Ubuntu Manpage: Statistics::Normality - test whether an empirical distribution can be taken as being drawn

Provided by: libstatistics-normality-perl_0.01-1_all

NAME

       Statistics::Normality - test whether an empirical distribution can be taken as being drawn
       from a normally-distributed population

VERSION

       Version 0.01

SYNOPSIS

           use Statistics::Normality ':all';
           use Statistics::Normality 'shapiro_wilk_test';
           use Statistics::Normality 'dagostino_k_square_test';

DESCRIPTION

       Various situations call for testing whether an empirical sample can be presumed to have
       been drawn from a normally (Gaussian <http://en.wikipedia.org/wiki/Normal_distribution>)
       distributed population, especially because many downstream significance tests depend upon
       the assumption of normality.  This package implements some of the more well-known tests
       <http://en.wikipedia.org/wiki/Normality_test> from the mathematical statistics literature,
       though there are also others that are not included.  The tests here are all so-called
       omnibus tests that find departures from normality on the basis of skewness and/or kurtosis
       [Dagostino71].  Note that, although the Kolmogorov-Smirnov test
       <http://en.wikipedia.org/wiki/Kolmogorov%E2%80%93Smirnov_test> can also be used in this
       capacity, it is a distance test and therefore not advisable [Dagostino71].  This, and
       other distance tests (e.g.

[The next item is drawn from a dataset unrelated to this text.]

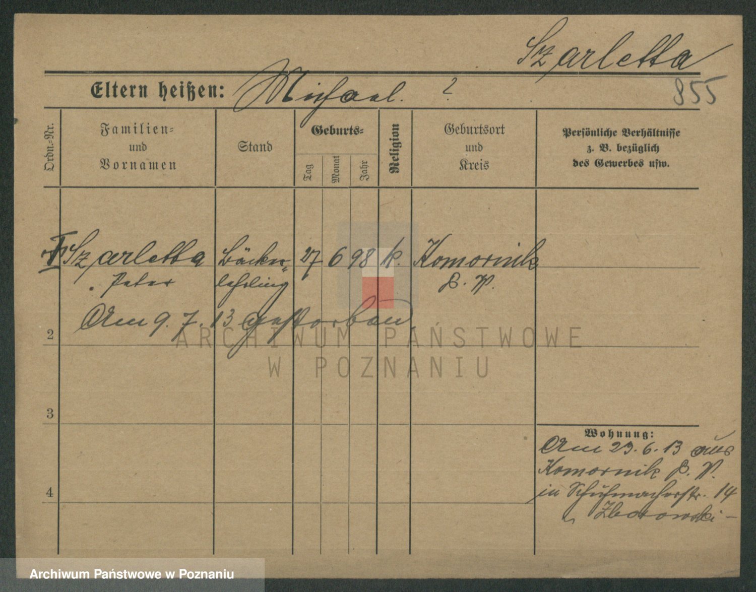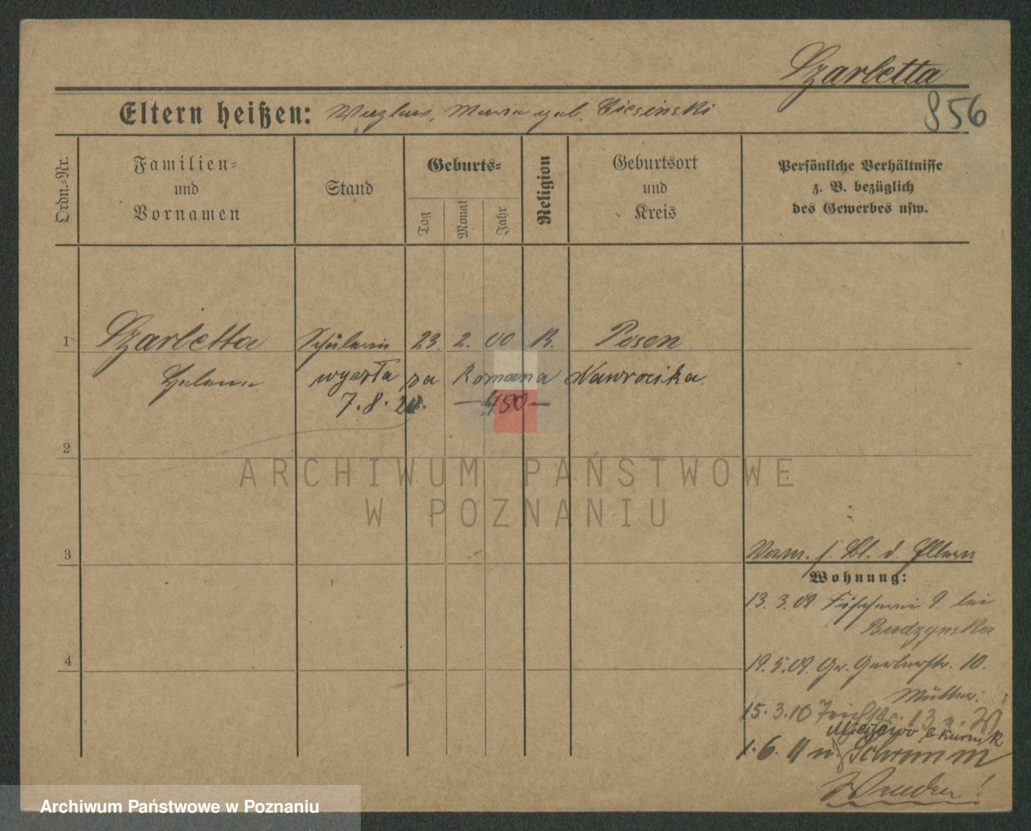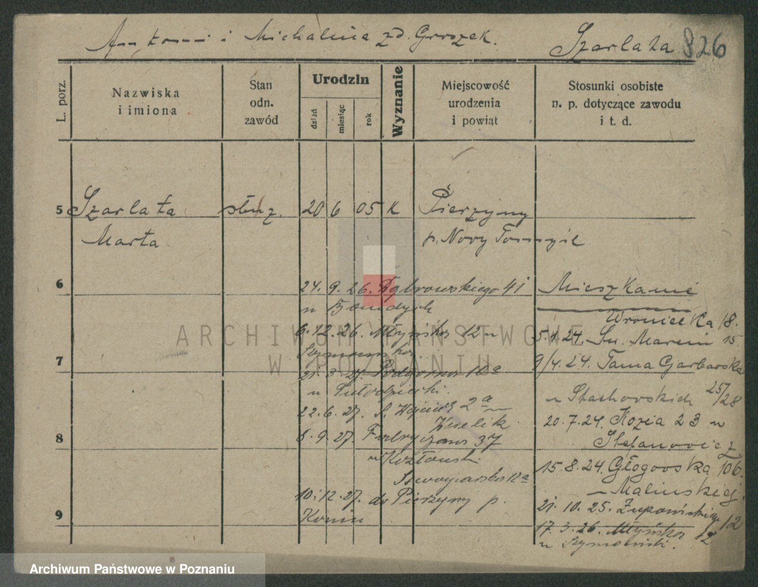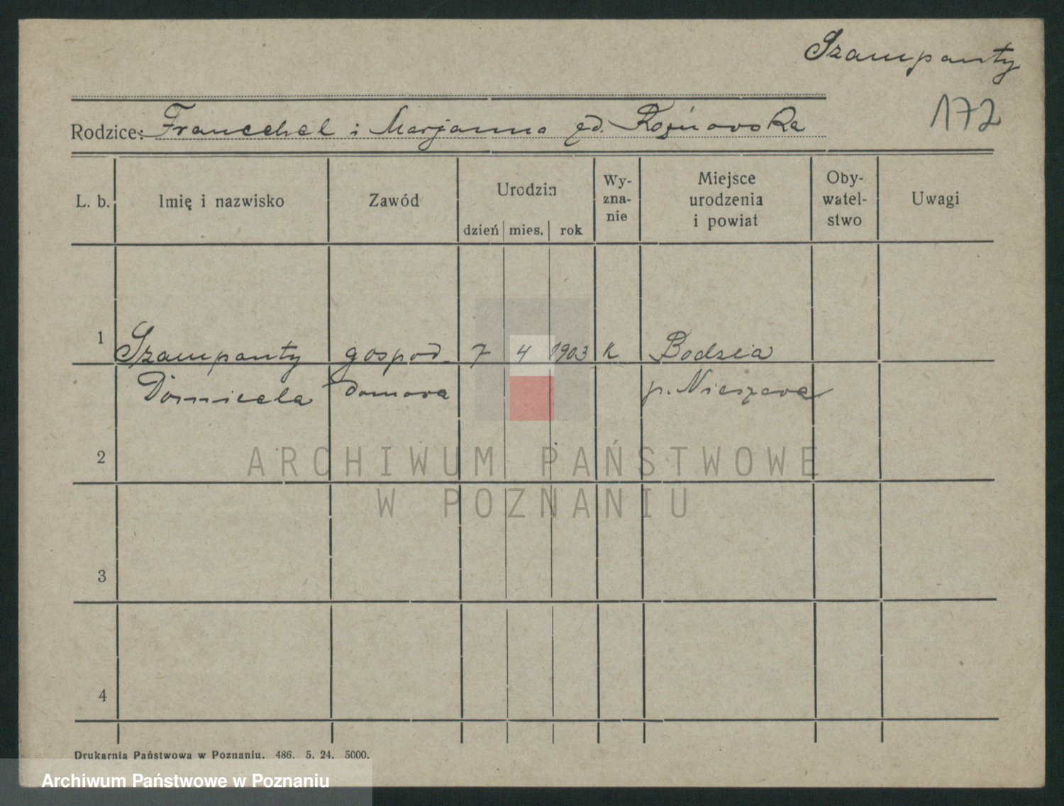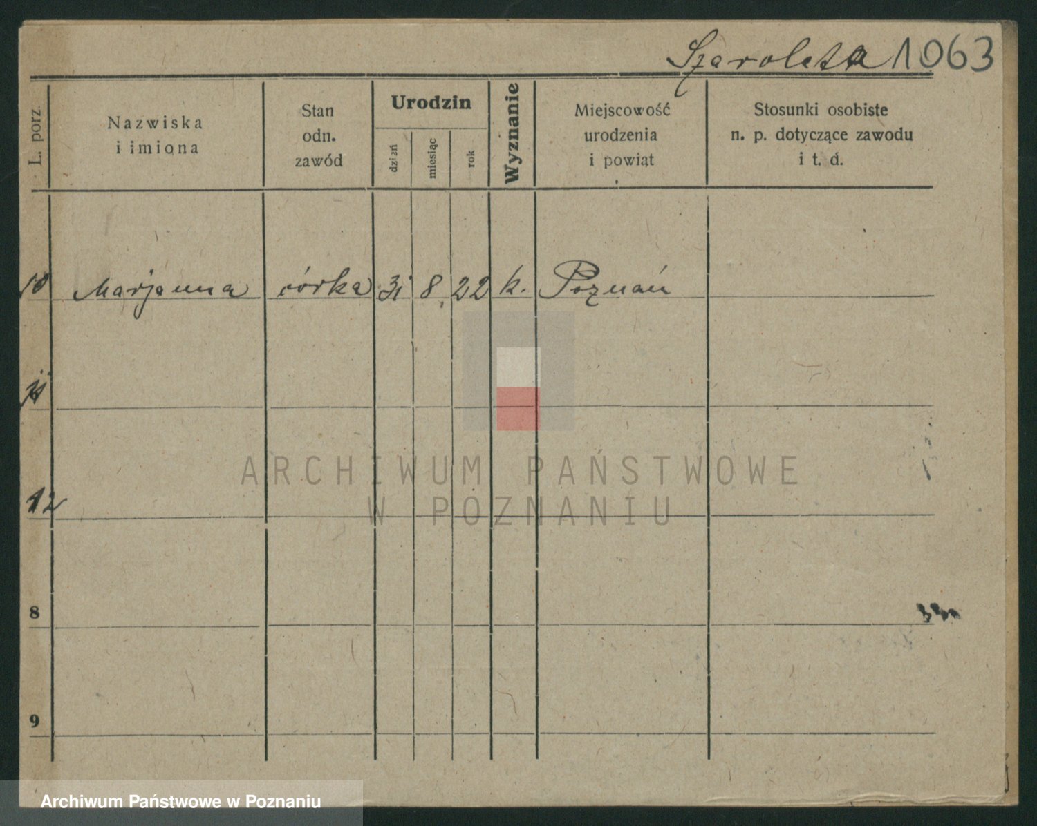 Podgląd karty osobowej dostępny jest po kliknięciu na nazwisko lub ikonkę karty. Można dokonywać powiększenia (ikony na górze) lub przechodzić między kolejnymi skanami (strzałki po bokach).

Chi-square) are not implemented here.

TESTS

       The subtleties and esoterica of various statistical tests for normality require some
       familiarity with the mathematical statistics literature.  We give rules-of-thumb for
       specific tests, where they exist, but it may be advisable to try several different tests
       to check the consistency of the conclusion.  It is probably also a good idea to check
       results graphically, either by direct plotting or by a Q-Q plot
       <http://en.wikipedia.org/wiki/Q-Q_plot>.  In general, small samples will often pass a
       normality test suggesting the possibility that there is insufficient information to detect
       departure from normal for such cases, should it exist.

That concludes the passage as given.